*Goal of the exercise*. Each line below from the line with "If you have" to the line with "does not exist.一开始我以为是同步的时候有什么漏掉了,所以我运行了" must be copied exactly, including those two, and no picture may appear in the copy.

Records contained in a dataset
+ + + + +

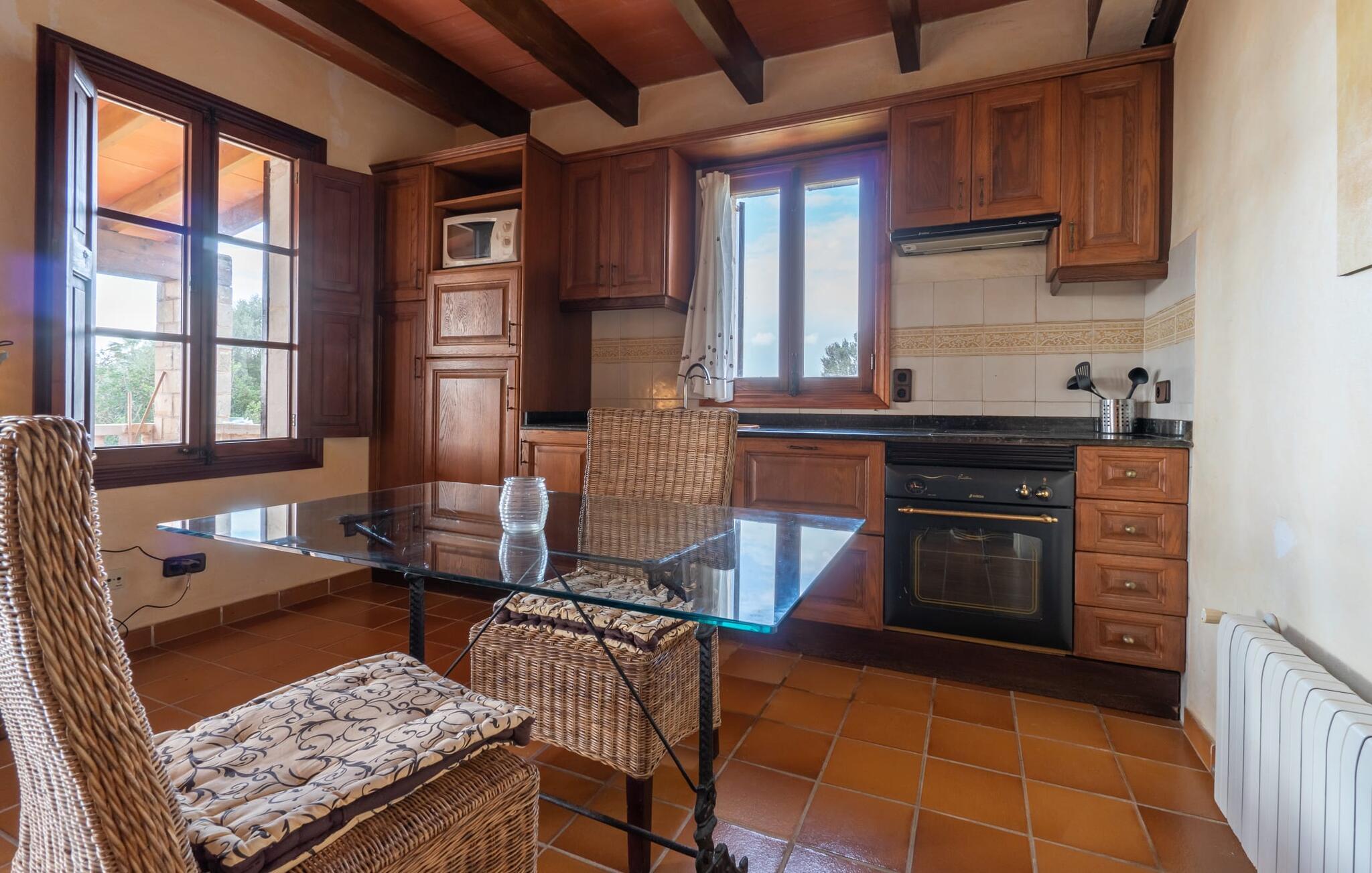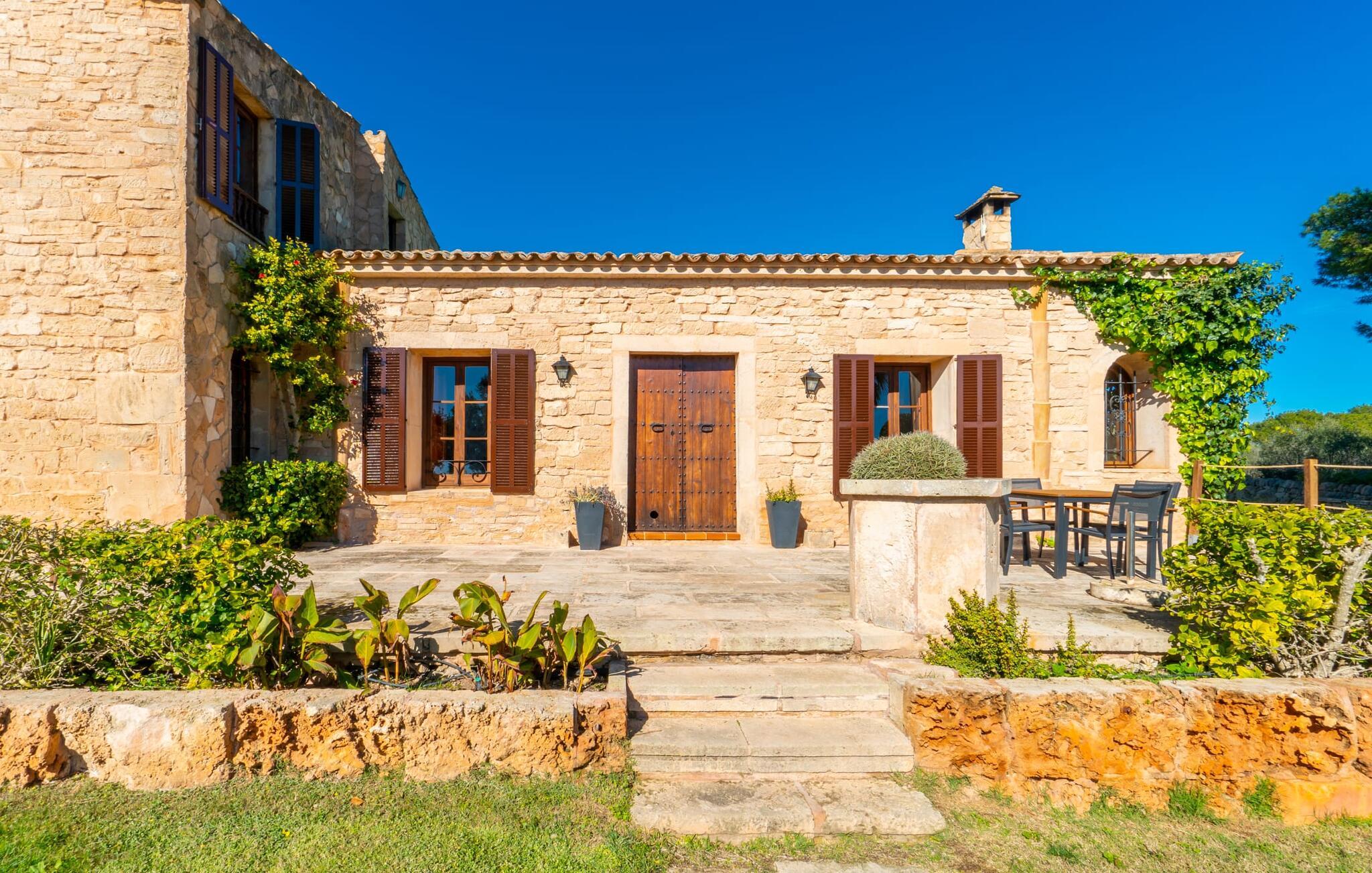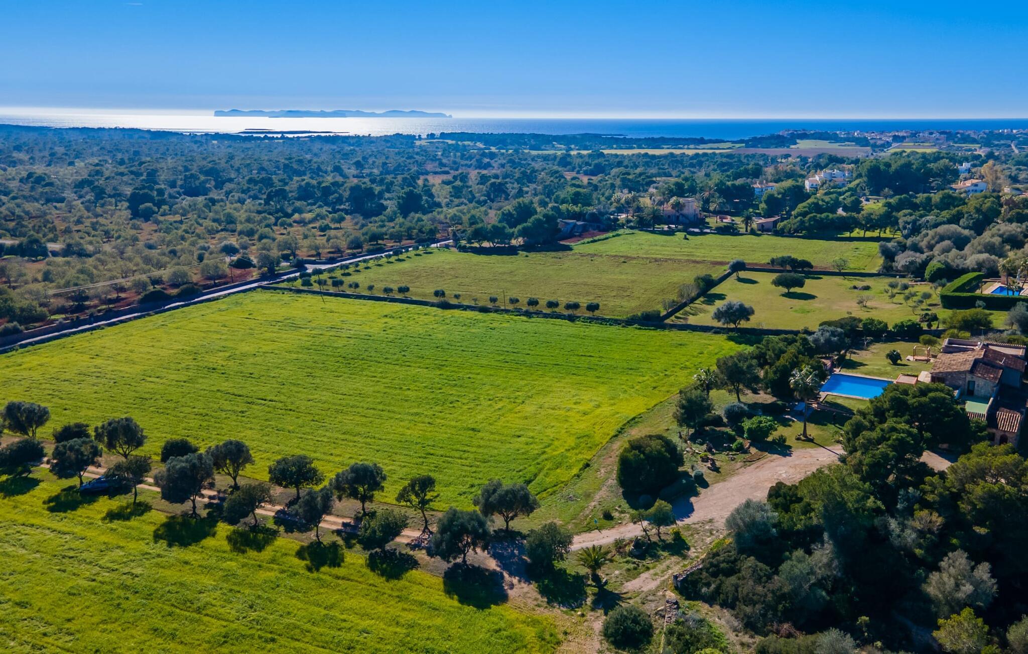 Sonne, Entspannung, viel Privatsphäre, eine schöne Aussicht, wohnen unweit der schönsten Strände Mallorcas – all das ist möglich im Apartment „Es Turo Formentera“, das sich als einladendes Urlaubsdomizil für zwei Gäste präsentiert. Auf dem riesigen, parkähnlichen und naturbelassenen Gelände können Sie bei kurzen Spaziergängen die unterschiedlichsten Perspektiven genießen und Ihren Urlaubsblick in aller Ruhe schweifen lassen. Manche Plätze können sich als Lieblingsplätze herausstellen, etwa die Sitz- und Liegemöglichkeiten am Pool, auf der Wiese, direkt unter freiem Himmel oder im luftigen Naturschatten eines Baumes. Die einladende Terrasse direkt neben der Wohnung bietet eine absolut wunderbare Möglichkeit, draußen zu sitzen und sich entspannt und genussvoll zu entspannen.
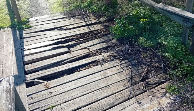 La revisión técnica municipal describe un escenario crítico: tablas de madera totalmente podridas, huecos en el pavimento, barandillas vencidas sin capacidad protectora y apuntalamientos provisionales que dejan entrever el agotamiento completo de la estructura. El documento advierte de un riesgo claro de tropiezos, caídas y hasta un posible colapso estructural del itinerario.
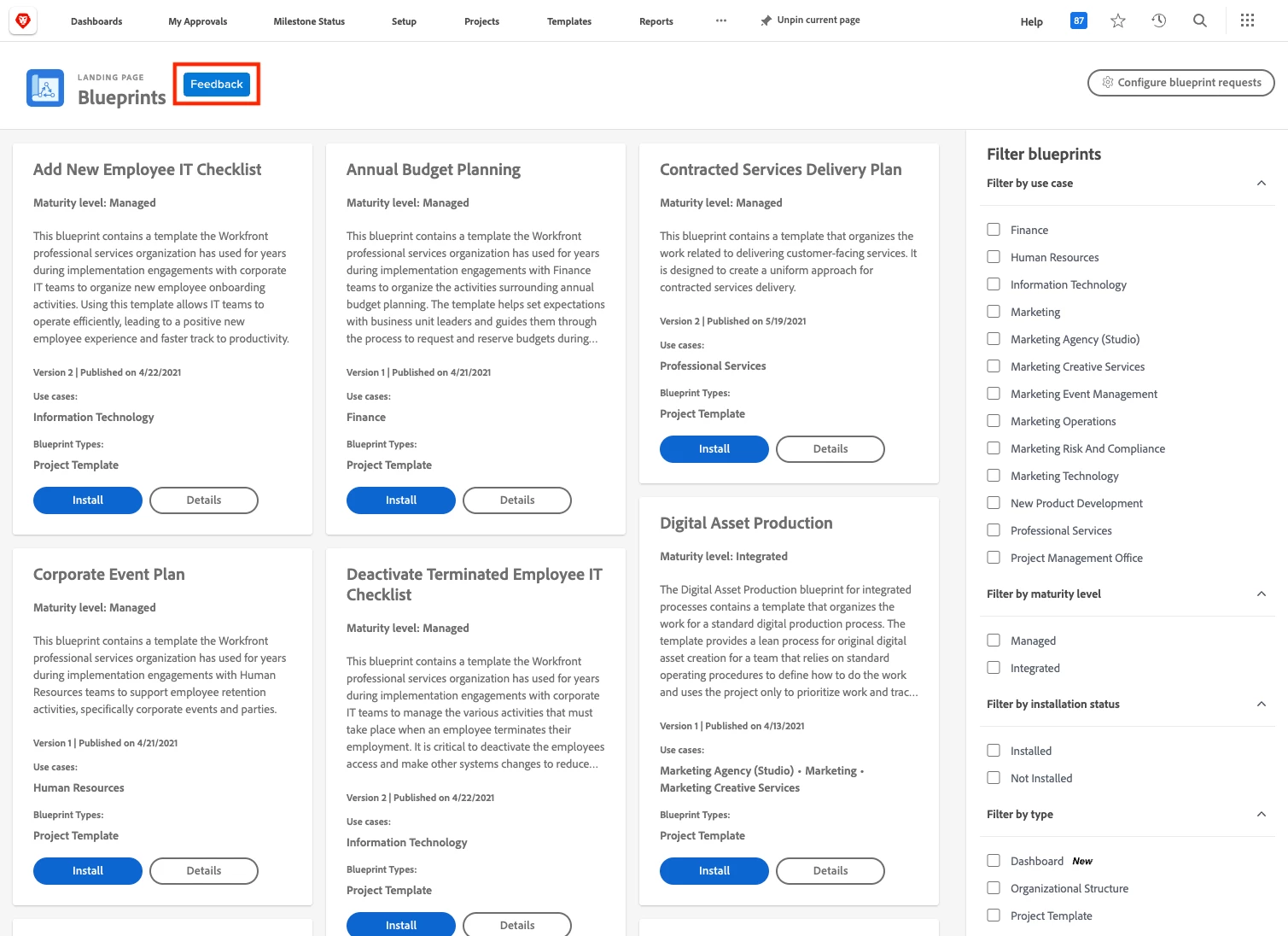 If you have feedback about Blueprints capabilities or about the solutions we are providing through the Blueprints, use the Feedback buttons available in the Blueprints area of Workfront instead of commenting here. We absolutely want to hear your input, especially regarding the solutions you would like to see in the catalog.
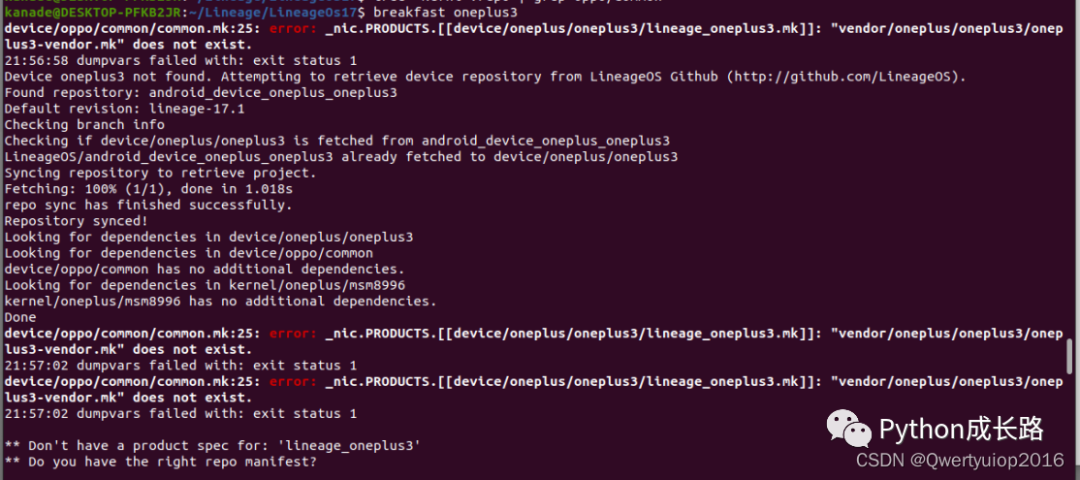 device/oppo/common/common.mk:25: error: _nic.PRODUCTS.[[device/oneplus/oneplus3/lineage_oneplus3.mk]]: "vendor/oneplus/oneplus3/oneplus3-vendor.mk" does not exist.一开始我以为是同步的时候有什么漏掉了,所以我运行了
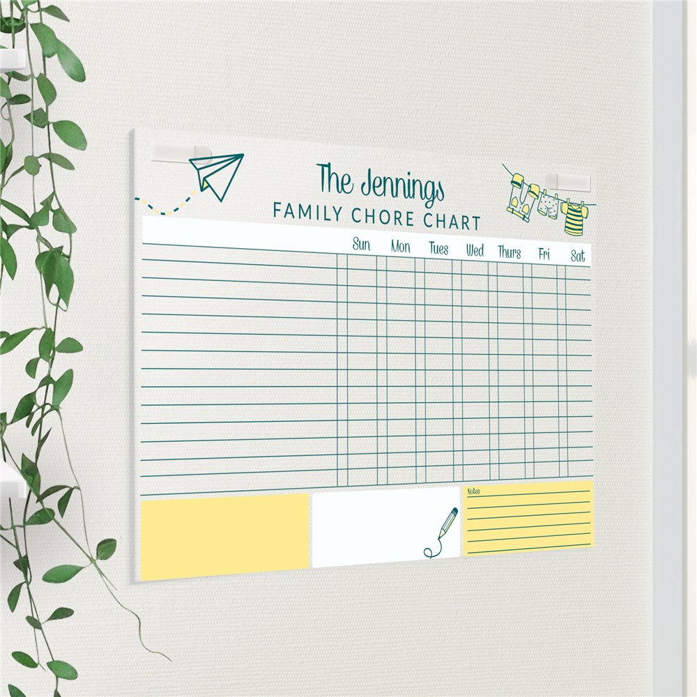 Each family member will know what their responsibilities are for the week with our Personalized Family Chore Chart with Doodles Acrylic Sign.
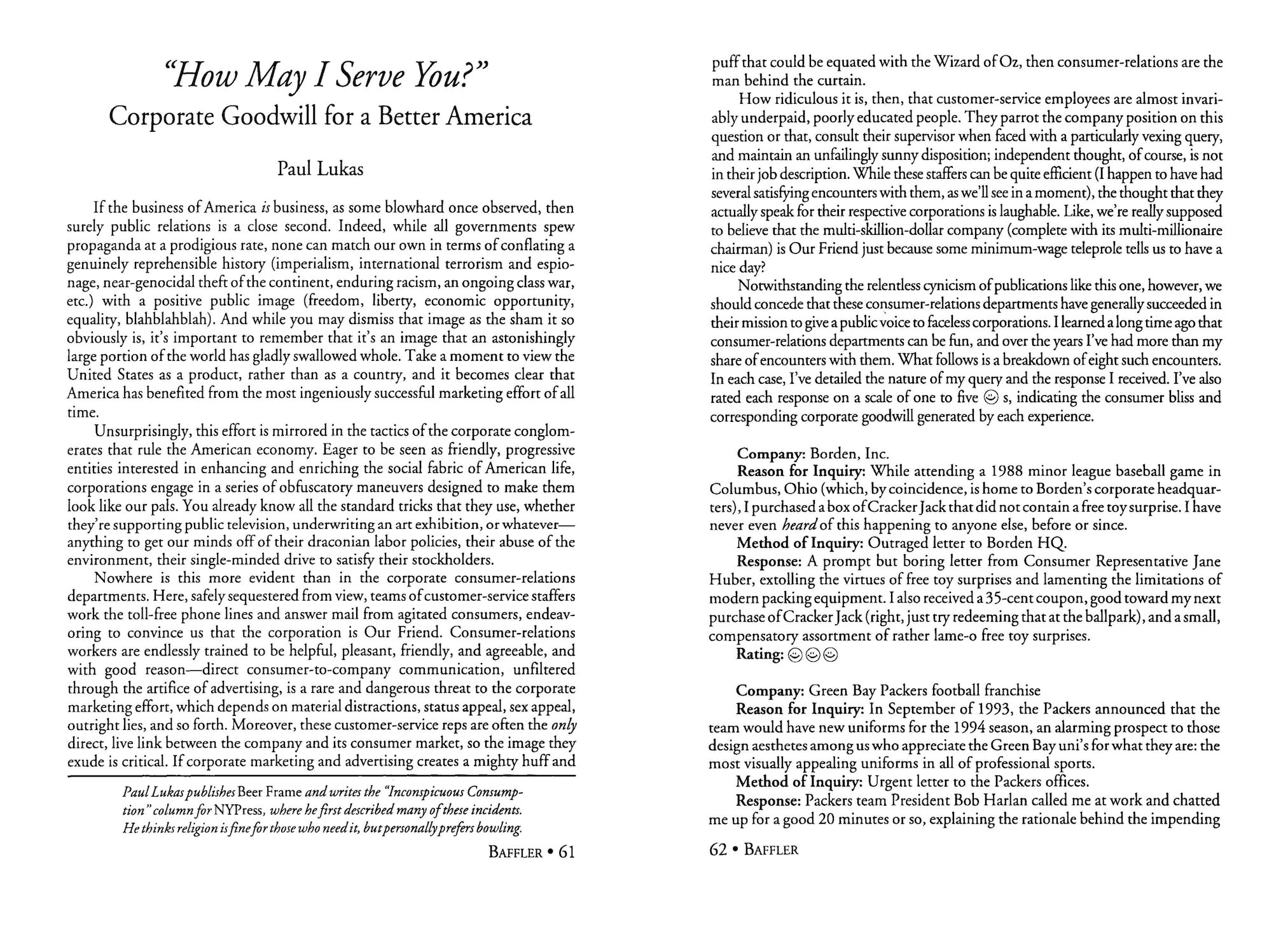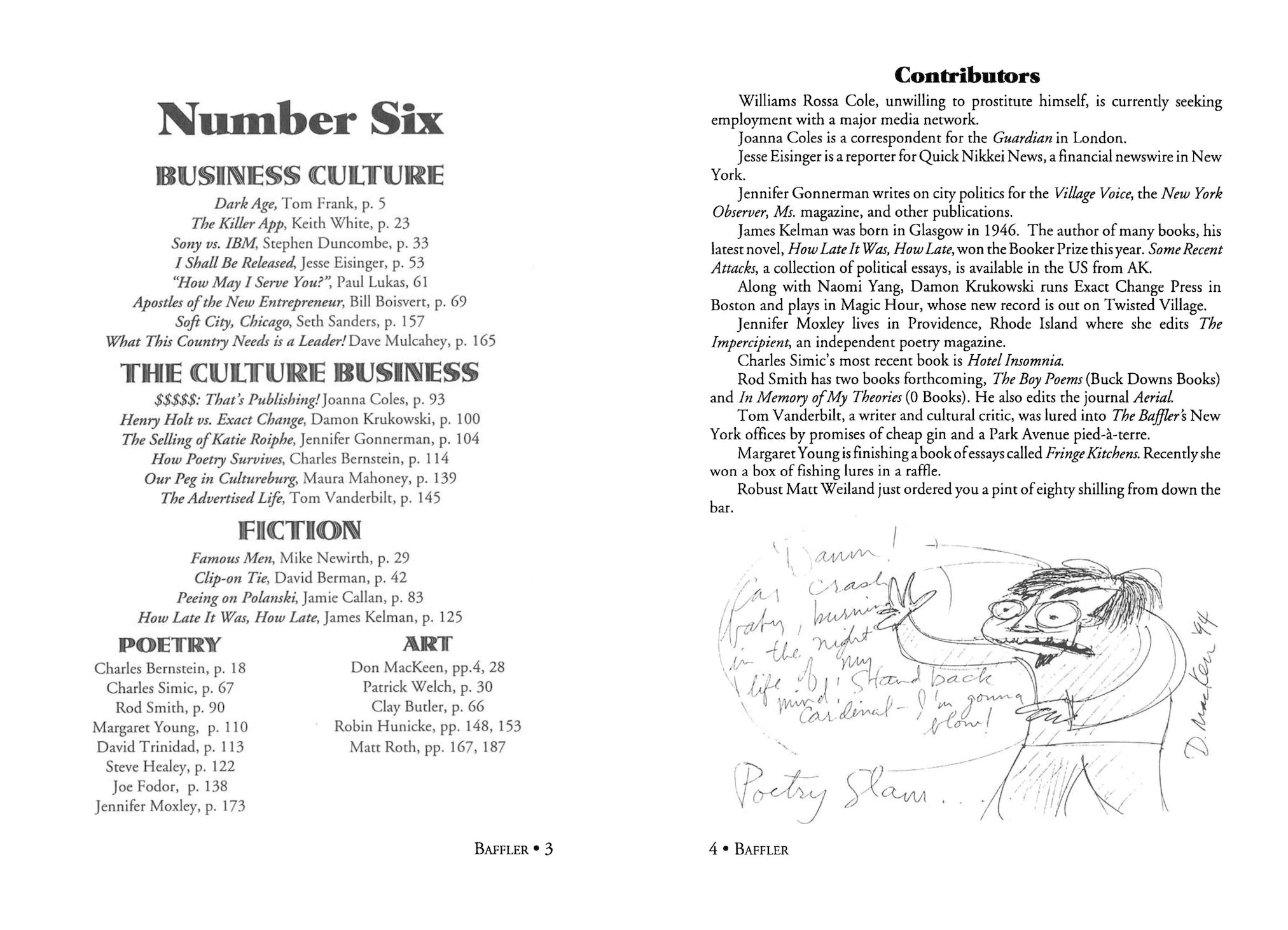Thomas Frank’s “Why Johnny Can’t Dissent” is a once-in-a-generation lament that made punk rockers everywhere gasp at the futility of their attempts at rebellion. Meanwhile, Keith White turns his guns on Wired Magazine, Stephen Duncombe subjects himself to corporate edutainment, and Seth Sanders braves the theme-restaurant wasteland of Chicago’s River North. Joanna Coles describes the collapse of publishing while Charles Bernstein finds a few signs of life. Will Boisvert decodes the management theorists. Tom Vanderbilt bemoans the imperial arrogance of advertisers. David Berman recalls his time as a security guard at the Metropolitan Museum of Art.

+ + + + +

*Exercise result*.
 If you have feedback about Blueprints capabilities or about the solutions we are providing through the Blueprints, use the Feedback buttons available in the Blueprints area of Workfront instead of commenting here. We absolutely want to hear your input, especially regarding the solutions you would like to see in the catalog.
 device/oppo/common/common.mk:25: error: _nic.PRODUCTS.[[device/oneplus/oneplus3/lineage_oneplus3.mk]]: "vendor/oneplus/oneplus3/oneplus3-vendor.mk" does not exist.一开始我以为是同步的时候有什么漏掉了,所以我运行了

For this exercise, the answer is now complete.